母の背中

母曰く

「叔父が突入すると共に1人で押し入れの中に逃げた」

らしい。

私は
(押し入れの中は物でパンパンなのにどうやって入ったのかな)

などと考えていました。

そこに兄がやってきました。

⚫︎お母さんはすごかった

⚫︎鼻先に刃物を突きつけられても子供部屋の前から動かなかった

⚫︎この部屋には絶対入れないと言っていた

⚫︎「刺すんなら刺してみぃ!その変わりあんたまた刑務所入んねやで!」と叫んでいた

⚫︎母を刺せなかった叔父が暴れてテレビなどを壊していった

⚫︎お母さんはすごかった!
⚫︎お父さんは最低や!

と興奮気味に喋っていました。

11歳上の兄は玄関横に1人部屋をもらっていたので
その部屋のふすまの隙間から見ていたそうです。

もし自分が戦わないといけなくなったら
飛び出そうと木刀を握りしめていたそう。

「情けない。
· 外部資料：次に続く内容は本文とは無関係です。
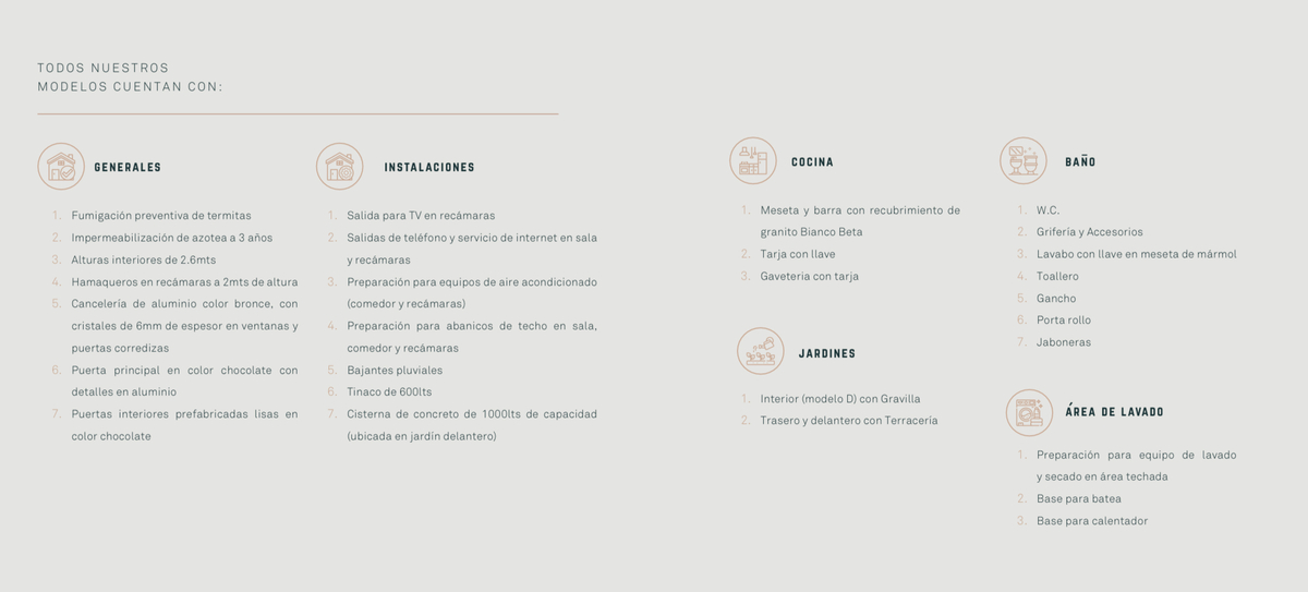 • Seguridad y confort: caseta con vigilancia 24/7, control de acceso, barda perimetral, cerca eléctrica, vialidades de concreto hidráulico, instalaciones subterráneas y planta de tratamiento.

あんた、自分の弟でしょうが!
嫁子供置いて逃げるなんて父親のすることなん!」 


下を向いて黙る父に

「早よ部屋片付けて」

と先程とは違い冷静に命令する母。

私は何がなんだかわからないまま
立ち尽くすしかなく

部屋の絨毯の上に散らばる
観葉植物の土を眺めていた記憶があります。

そして翌日、団地14軒のおうち一軒ずつ
頭を下げて謝る母の背中を見ていました。

なんとも言えない気持ちで見たその背中と
よそ様の興味津々な半笑いの表情は

今でも脳裏に焼き付いています。